“Mi sueño es que los chicos salgan adelante"

Oti, encargada del merendero “Las tacitas poderosas”, Barrio 21-24

UNICEF
Oti
Unicef_Widnicky
26 Junio 2020

Sabe que los chicos y las chicas del barrio la necesitan. Por eso se levanta cada mañana con fuerza y buen ánimo. “Tengo que estar para ellos. Ese es mi día a día”, cuenta emocionada. Oti tiene 45 años y hace catorce que está en la 21-24, en el sector San Blas. Cuando llegó con sus dos hijos, Nelson (23) y Hernán (14), esta parte del barrio era un basural, pegado al Riachuelo, y poco a poco fueron construyendo su casa con chapas, bolsas de basura y madera. Hoy vive con ellos y su pareja a pocas metros del merendero “Las tacitas poderosas”, su lugar en el mundo, un espacio pequeño, muy cuidado y prolijo que ella misma donó hace tres años.

Desde el comienzo de la pandemia por COVID 19, de lunes a sábado van a buscar la merienda 200 familias. Los fines de semana también preparan el almuerzo, hacen guiso o polenta con salsa, empiezan a trabajar a las 8.30 para que al mediodía todo esté listo para entregar. Cada día, después de tomarse la temperatura, rociar lavandina en la suela de los zapatos, alcohol en la ropa, higienizar a fondo el lugar, lavarse las manos y calzarse guantes y barbijo, se dedican de lleno y con el corazón a su tarea. “Empezamos de la necesidad. Acá no se trata de comida nada más, porque llegan chicos con muchos problemas, que sufren violencia en sus casas, eso me lastima porque yo lo viví. Es una contención para ellos este espacio, más ahora que no están yendo a la escuela, se ponen muy contentos cuando llegan cosas como ahora gracias a UNICEF”, asegura.

oti en acción
UNICEF/Widnicky

Antes se acercaban menos vecinos y vecinas, y las raciones solían alcanzar para todos. Entre Oti y los voluntarios de La Poderosa podían planear la semana con las donaciones y algún que otro pedido a los negocios del barrio, pero a partir de marzo la demanda se cuadruplicó. No es que antes fuera sencillo, muchas de las donaciones eran sobras o productos vencidos o próximos a vencer, no era tan frecuente tener comida fresca. “Cuando hay mandarina, pera o manzana, los chicos miren de otra manera, se sorprenden. A mí me hace sentir muy bien poder ayudar a las familias porque con esta pandemia no sé qué pasaría si este espacio no estuviera. Ahí sentí muy importante este lugar para la gente, que se multiplicó, y eso me asustó un poco porque no estábamos preparados para recibir tantas personas. Ahora pienso qué importante es la ayuda de UNICEF porque sino no sé qué pasaría con nosotros”, confiesa.

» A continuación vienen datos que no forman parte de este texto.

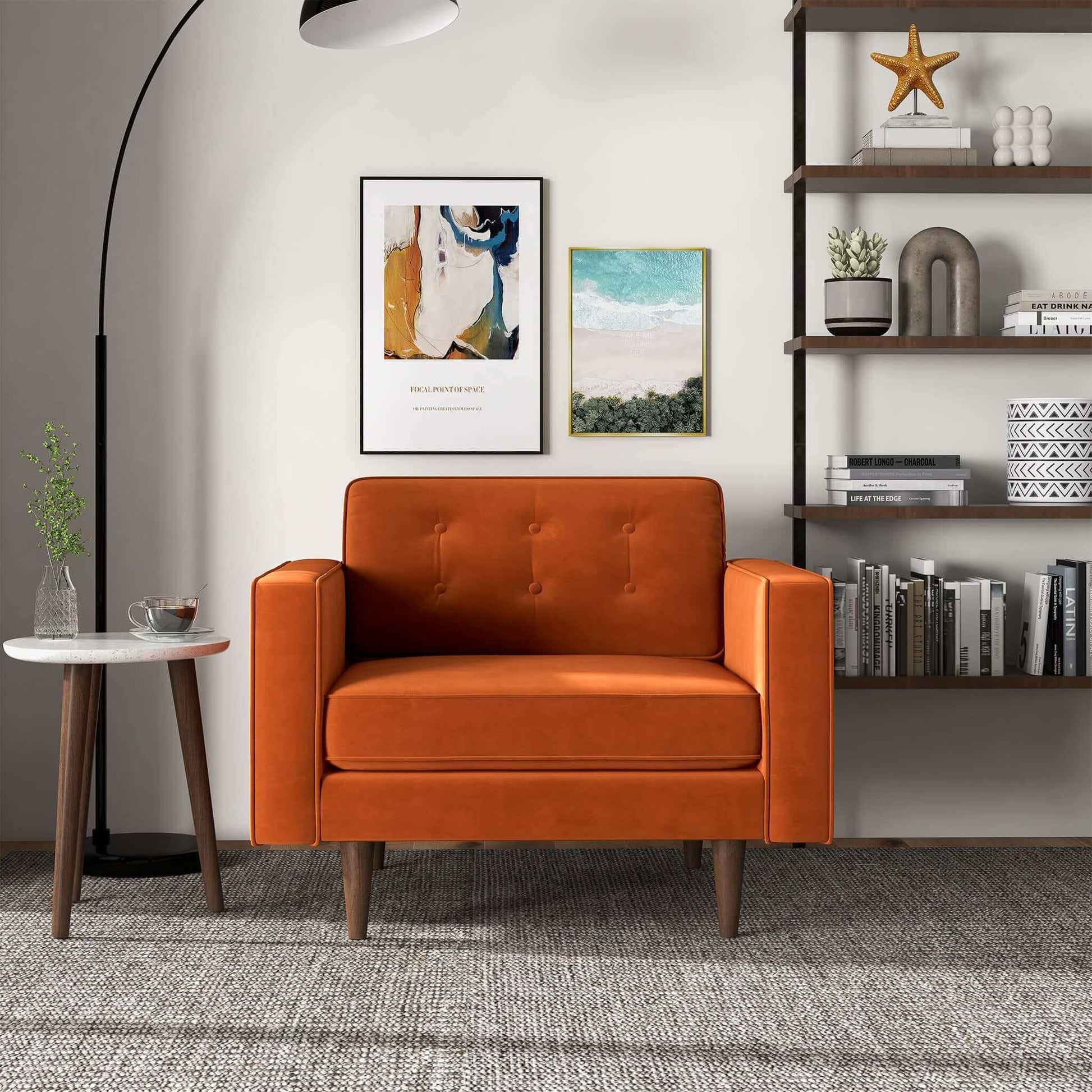 Make a statement in your living room with this mid-century-inspired Casey Mid-Century Modern velvet lounge chair. Founded atop four walnut-finished legs, this piece is crafted with a solid wood frame and high-density foam padding, which lends comfort to the seat. It can be cleaned with a non-abrasive cleaning solution followed by a quick wipe with a microfiber cloth. The removable legs allow for simple delivery in tight spaces. Available in a variety of timeless colors, you're sure to find something that matches your decor.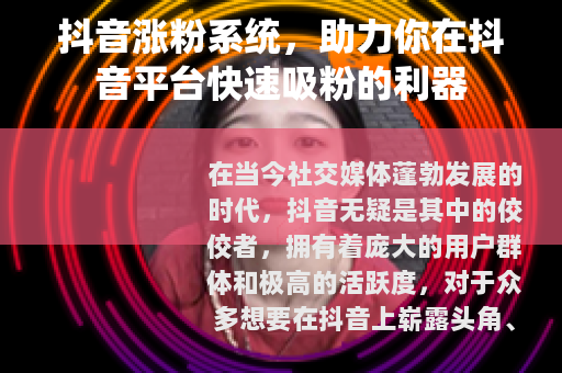 在当今社交媒体蓬勃发展的时代,抖音无疑是其中的佼佼者,拥有着庞大的用户群体和极高的活跃度,对于众多想要在抖音上崭露头角、积累粉丝的创作者来说,一个高效的抖音涨粉系统就显得尤为重要。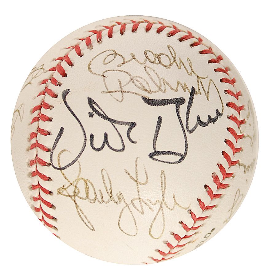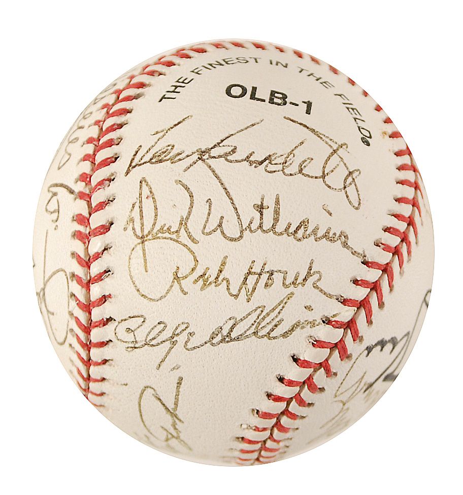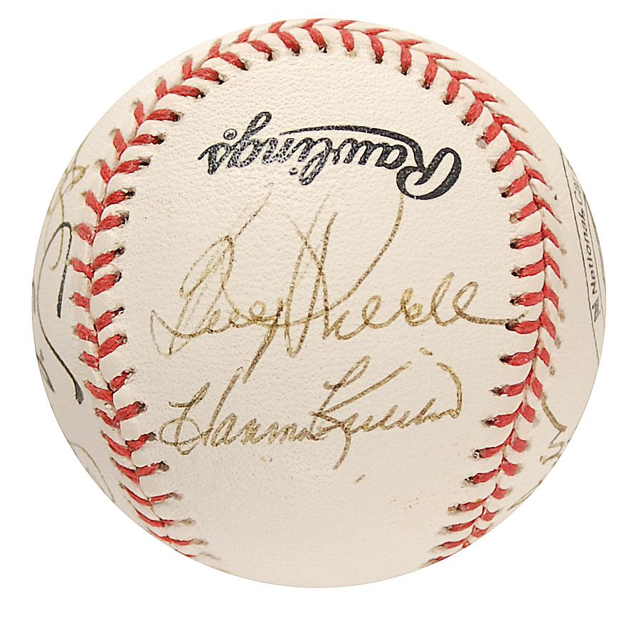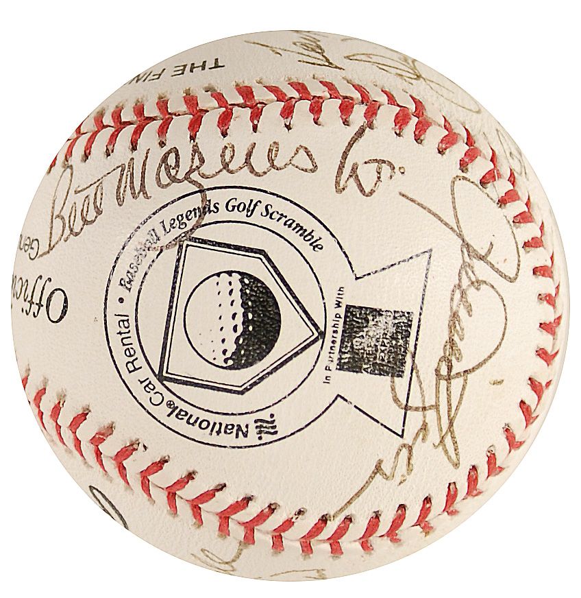 Rawlings Official League baseball with National Car Rental Baseball Legends Golf Scramble logo, signed in black ballpoint and felt tip by twelve baseball greats. Signers are: Harmon Killebrew, Brooks Robinson, Fergie Jenkins (ss), Bill Mazeroski, Rollie Fingers, Billy Williams, Dick Williams, Lew Burdette, Ralph Houk, Vida Blue, Sparky Lyle, and Boog Powell. In fine condition.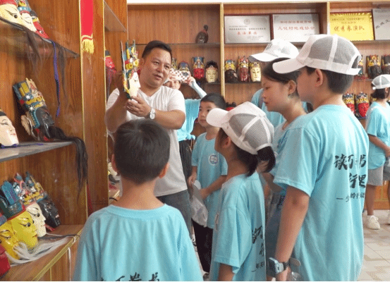 王秀双为到村开展研学活动的学生讲解凡化地戏的历史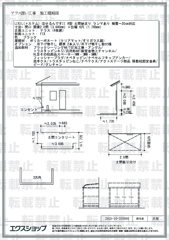 ほせるんですII R型の施工のご依頼を頂きまして、誠に有り難うございます。ポリカーボネート(クリアマット/すりガラス調)で覆われたテラス囲いはとても明るく美しいお仕上がりでございますね。雨や紫外線をしっかりと遮りますが、柔らかい光が入りますので、日差しの強い日も、悪天候の日にも気兼ねなくお洗濯物を干して頂けるものと存じます。今後もお客様の快適な住まい作りのお手伝いが出来るよう、スタッフ一同尽力して参りますので、また機会がございましたら、是非エクスショップにご用命頂きますよう、宜しくお願い申し上げます。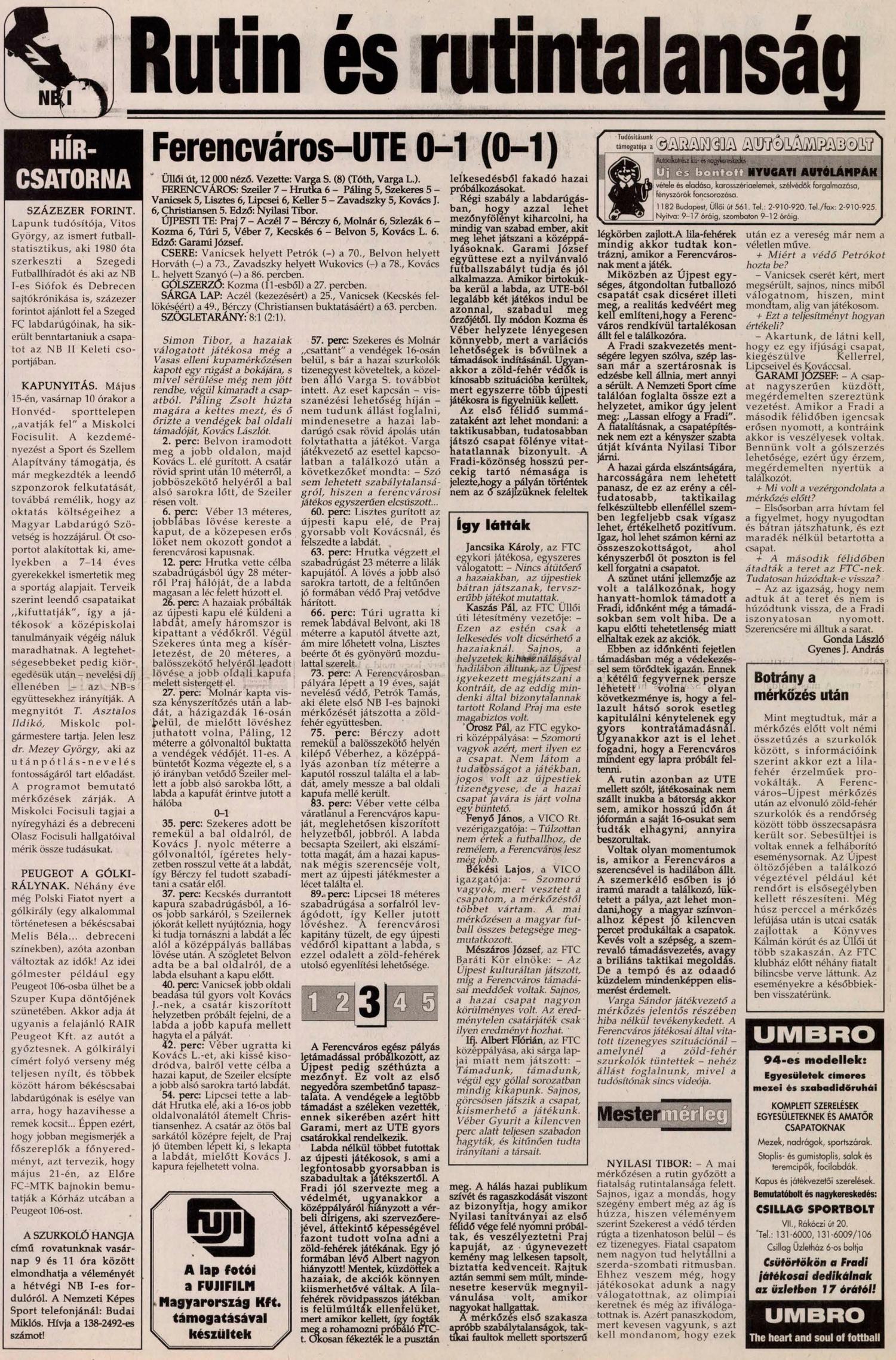1994.V.14. Ferencváros – Újpesti TE 0-1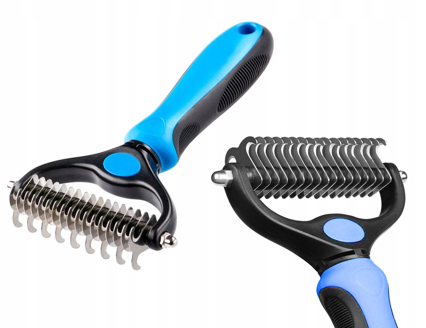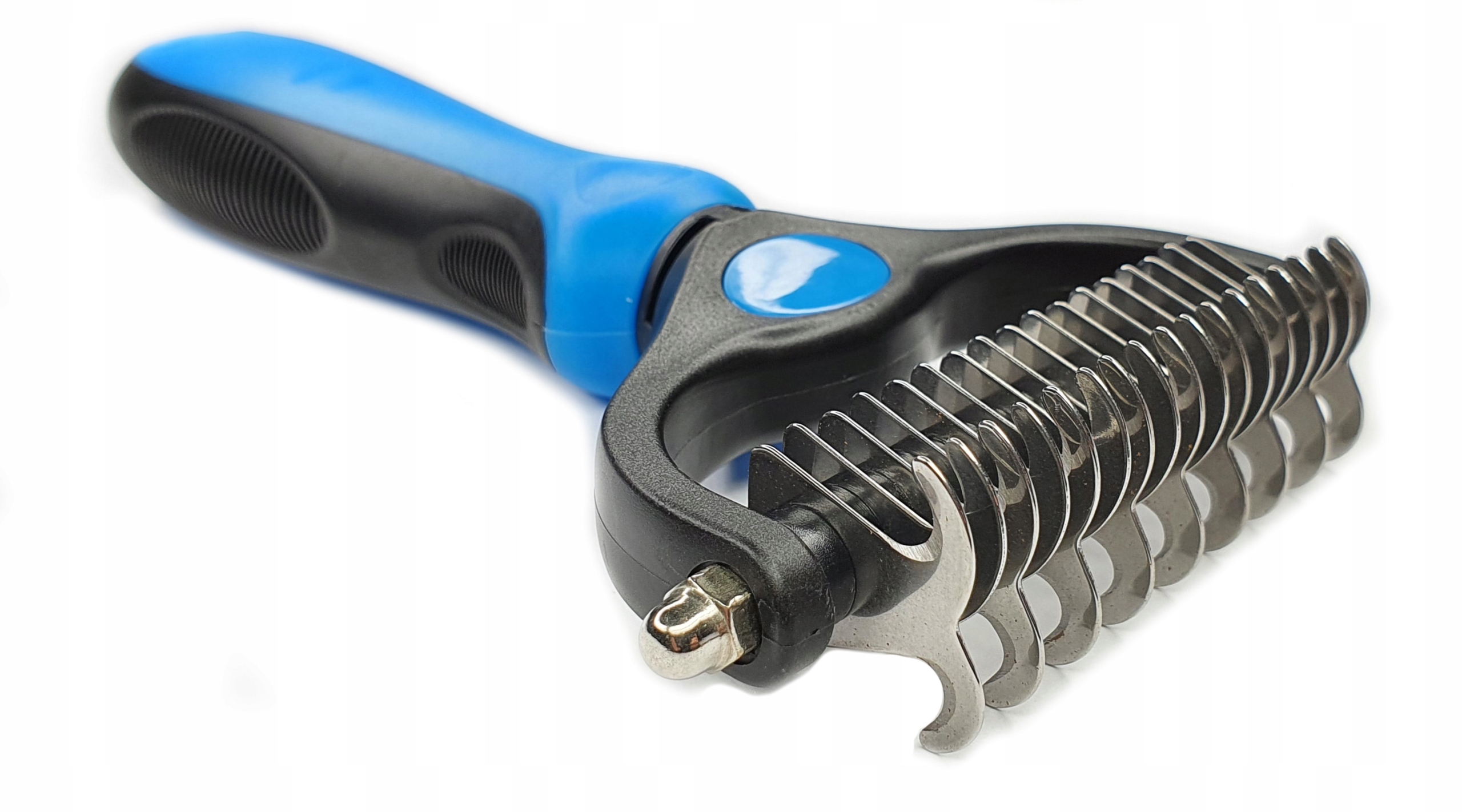 ➡️ Dwustronny trymer hakowy usuwa martwy podszerstek w kilka sekund.

Además de encargarse de la cocina y coordinar las reuniones y los turnos entre los voluntarios, Oti había empezado a organizar un espacio de mujeres, ya había repartido los flyers, pero el coronavirus puso en pausa todo. La violencia intrafamiliar ya estaba muy presente en el barrio, pero a partir del aislamiento se agravó. Ella lo sabe bien, lo vivió en carne propia cuando vivía en Paraguay y gracias a la ayuda de otras mujeres se pudo recuperar, por eso siente que ahora es su turno de escuchar a un montón de vecinas que si saben que alguien las va a acompañar, pueden sentirse más fuertes y contar sus historias.

Mientras revuelve la olla gigante de mate cocido con leche y afuera ya se empiezan a escuchar las primeras risas de los chicos y las chicas de San Blas, Oti cuenta que quiere que el merendero progrese, que crezca para que pueda haber apoyo escolar y talleres. Después, tímida, comparte su sueño, inmenso y hermoso.

Que los chicos salgan adelante porque son nuestro futuro acá, que aprendan, sean profesionales. Lo que más quiero es tener en este barrio una universidad, que quede como historia que acá hay una, porque muchos no tienen su pasaje para ir a estudiar”.